Extracted records
-*-*-
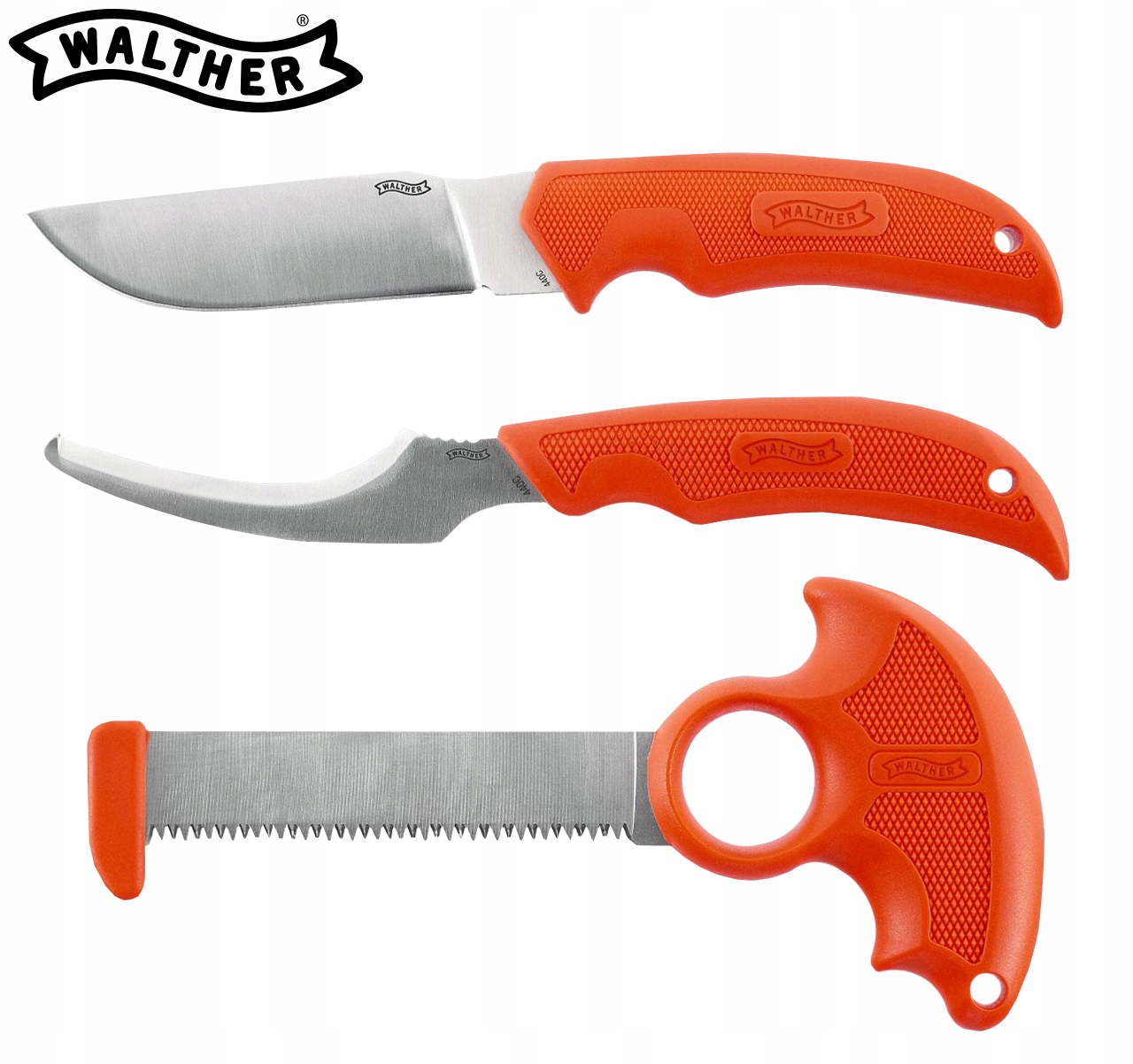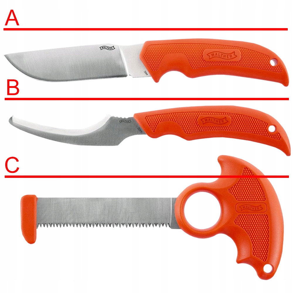 Набір ножа Hunter Walther 2 - це професійний набір інструментів для полювання, який включає універсальний шкірний ніж, компактний патристичний ніж та ергономічна кісткова пила. Набір призначений для зв'язування тварин у польових умовах, пропонуючи легку конструкцію, ергономічну структуру та нейлонову оболонку, яка полегшує зручний транспорт та швидкий доступ до інструментів. Завдяки використанню міцних сталі та яскравих ручок 440C, інструменти легко знайти та високостійкі до корозії, що гарантує їх тривалий функціональність.
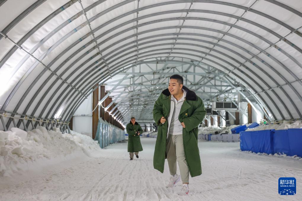 8月17日,王劍書體驗(yàn)河北承德國家雪上項(xiàng)目訓(xùn)練基地的四季訓(xùn)練館雪道。
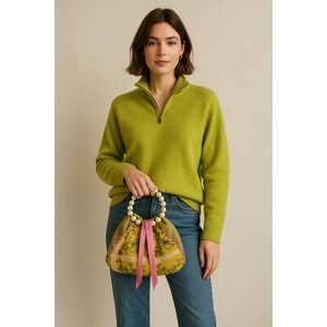 Pair this luxe Rainforest 100% Cashmere Quarter-Zip Sweater in moss green with the NOSHI Los Angeles Gold Floral Embroidered Beaded Pearl Handle Bag (also in my closet). The earthy elegance of cashmere meets the luminous charm of gold beading—giving you an elevated day-to-night look.
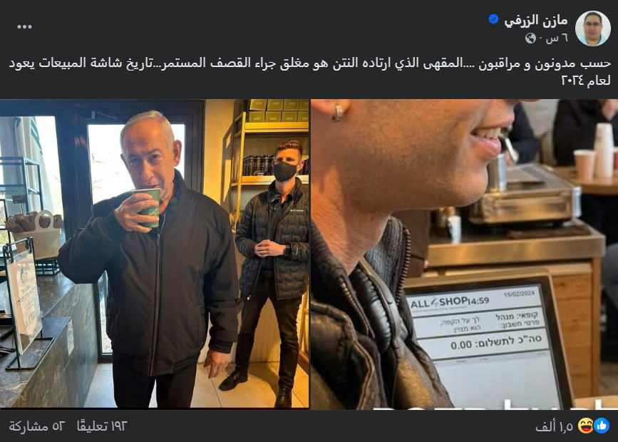 نشرت صفحات على مواقع التواصل الاجتماعي، مؤخّراً، مزاعم متعدّدة حول الفيديو الذي نشره رئيس وزراء الاحتلال الإسرائيلي، بنيامين نتنياهو يوم أمس 15 آذار 2026، منها أنَّه قديم ويعود إلى 2024، وأخرى ادّعت أنَّ المقهى الذي زاره نتنياهو مغلق حالياً بسبب الحرب.
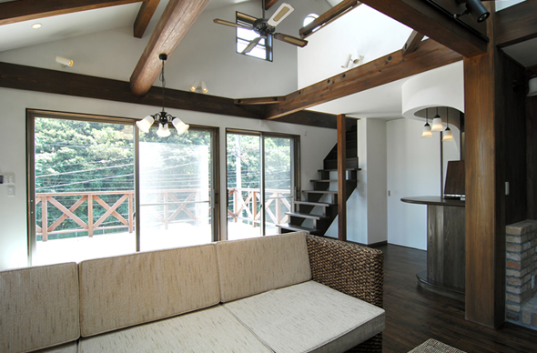 リビング:大黒柱を中心に配置された、アジアンテイストな家具。薪ストーブにBARまで完備。ホームパーティが楽しそうです。 |
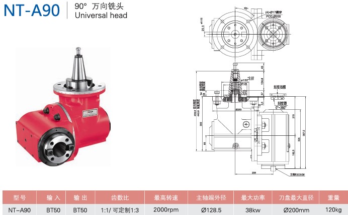 首页 >> 产品中心 >>角度头系列 >> 90°万向铣头 NT-A90
-*-*-
Every record above must be copied exactly; none of the pictures belong in the copy.

## YOUR SOLUTION
 Набір ножа Hunter Walther 2 - це професійний набір інструментів для полювання, який включає універсальний шкірний ніж, компактний патристичний ніж та ергономічна кісткова пила. Набір призначений для зв'язування тварин у польових умовах, пропонуючи легку конструкцію, ергономічну структуру та нейлонову оболонку, яка полегшує зручний транспорт та швидкий доступ до інструментів. Завдяки використанню міцних сталі та яскравих ручок 440C, інструменти легко знайти та високостійкі до корозії, що гарантує їх тривалий функціональність.
 8月17日,王劍書體驗(yàn)河北承德國家雪上項(xiàng)目訓(xùn)練基地的四季訓(xùn)練館雪道。
 Pair this luxe Rainforest 100% Cashmere Quarter-Zip Sweater in moss green with the NOSHI Los Angeles Gold Floral Embroidered Beaded Pearl Handle Bag (also in my closet). The earthy elegance of cashmere meets the luminous charm of gold beading—giving you an elevated day-to-night look.
 نشرت صفحات على مواقع التواصل الاجتماعي، مؤخّراً، مزاعم متعدّدة حول الفيديو الذي نشره رئيس وزراء الاحتلال الإسرائيلي، بنيامين نتنياهو يوم أمس 15 آذار 2026، منها أنَّه قديم ويعود إلى 2024، وأخرى ادّعت أنَّ المقهى الذي زاره نتنياهو مغلق حالياً بسبب الحرب.
 リビング:大黒柱を中心に配置された、アジアンテイストな家具。薪ストーブにBARまで完備。ホームパーティが楽しそうです。 |
 首页 >> 产品中心 >>角度头系列 >> 90°万向铣头 NT-A90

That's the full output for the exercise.